- YOUR INSTRUCTIONS
Instruction for the entries below: return the part that opens with the line containing "もりぞうさん、スキー中。後ろ" and closes with the line containing "- At the Quota", exactly, and no pictures.

- RECORDS SHOWN
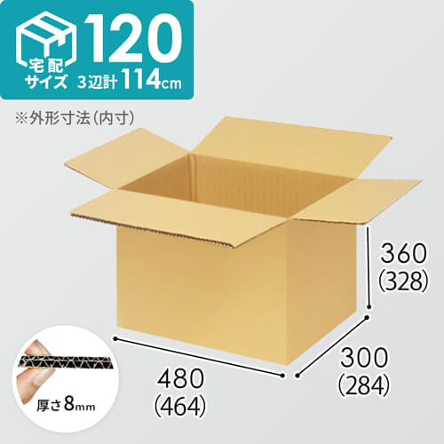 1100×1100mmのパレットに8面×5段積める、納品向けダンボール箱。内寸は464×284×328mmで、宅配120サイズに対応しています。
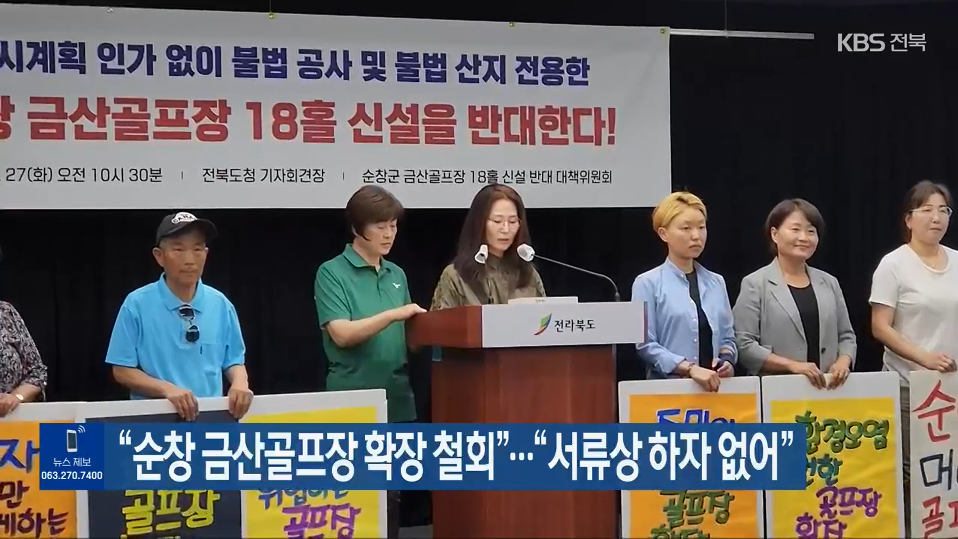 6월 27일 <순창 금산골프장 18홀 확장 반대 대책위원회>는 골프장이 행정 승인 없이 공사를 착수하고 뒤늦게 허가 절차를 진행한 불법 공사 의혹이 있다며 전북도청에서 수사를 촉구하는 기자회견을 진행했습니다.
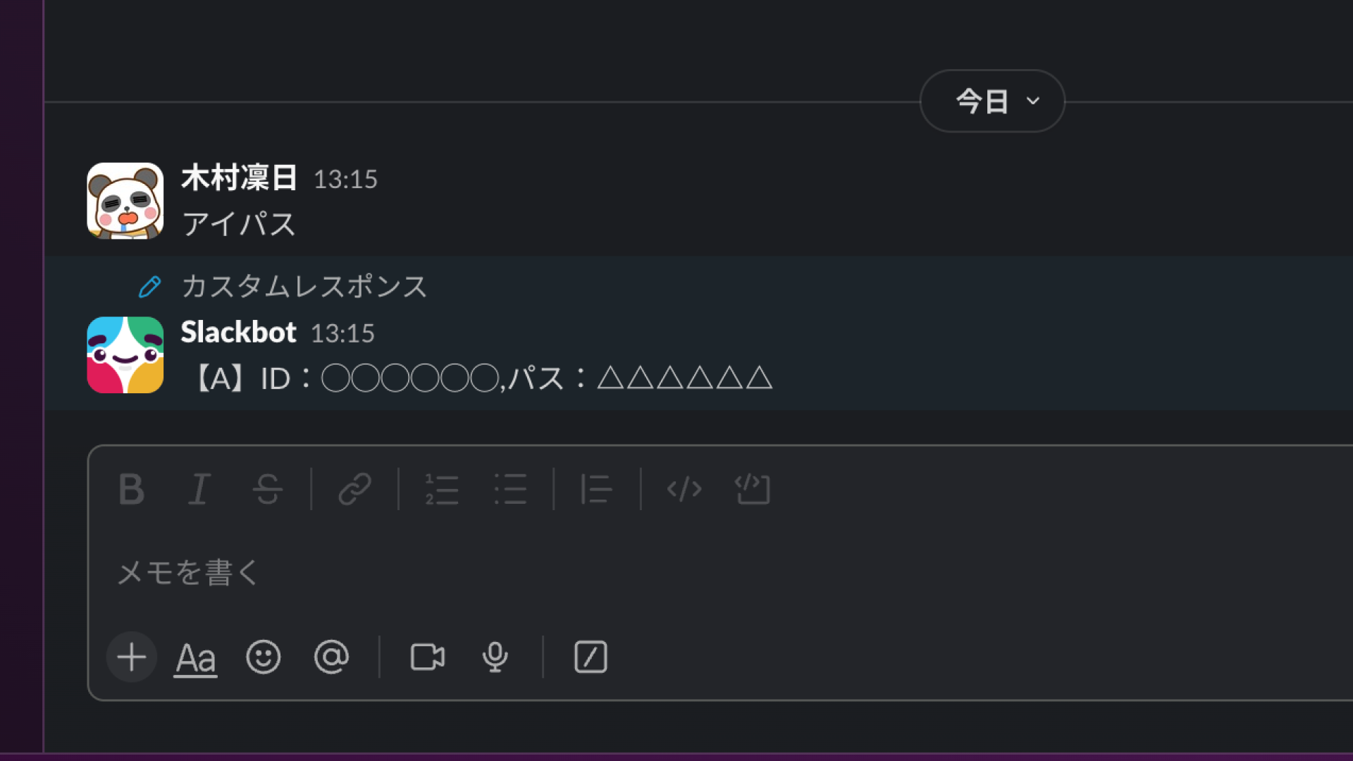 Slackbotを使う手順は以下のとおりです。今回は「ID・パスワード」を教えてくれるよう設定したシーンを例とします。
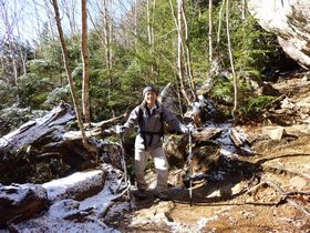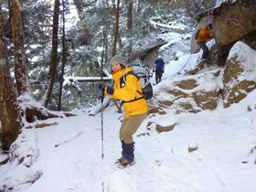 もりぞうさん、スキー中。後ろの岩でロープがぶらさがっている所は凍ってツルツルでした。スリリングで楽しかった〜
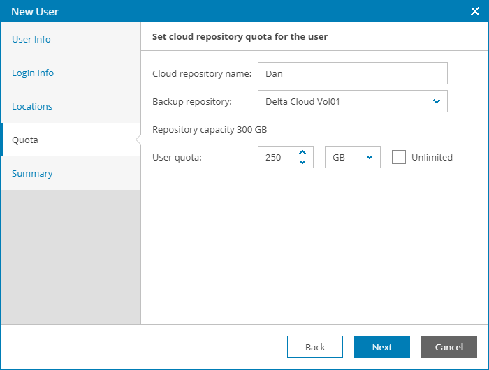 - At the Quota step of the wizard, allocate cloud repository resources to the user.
...
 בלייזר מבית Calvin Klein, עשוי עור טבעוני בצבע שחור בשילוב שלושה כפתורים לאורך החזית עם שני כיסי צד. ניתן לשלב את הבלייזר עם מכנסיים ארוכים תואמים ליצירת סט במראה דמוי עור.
--
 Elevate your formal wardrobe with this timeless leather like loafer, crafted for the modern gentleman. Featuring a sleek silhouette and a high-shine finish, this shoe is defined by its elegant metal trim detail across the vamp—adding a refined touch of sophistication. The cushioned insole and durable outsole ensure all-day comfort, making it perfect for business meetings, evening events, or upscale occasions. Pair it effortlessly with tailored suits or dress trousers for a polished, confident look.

- RESULT FOR THIS EXERCISE
 もりぞうさん、スキー中。後ろの岩でロープがぶらさがっている所は凍ってツルツルでした。スリリングで楽しかった〜
 - At the Quota step of the wizard, allocate cloud repository resources to the user.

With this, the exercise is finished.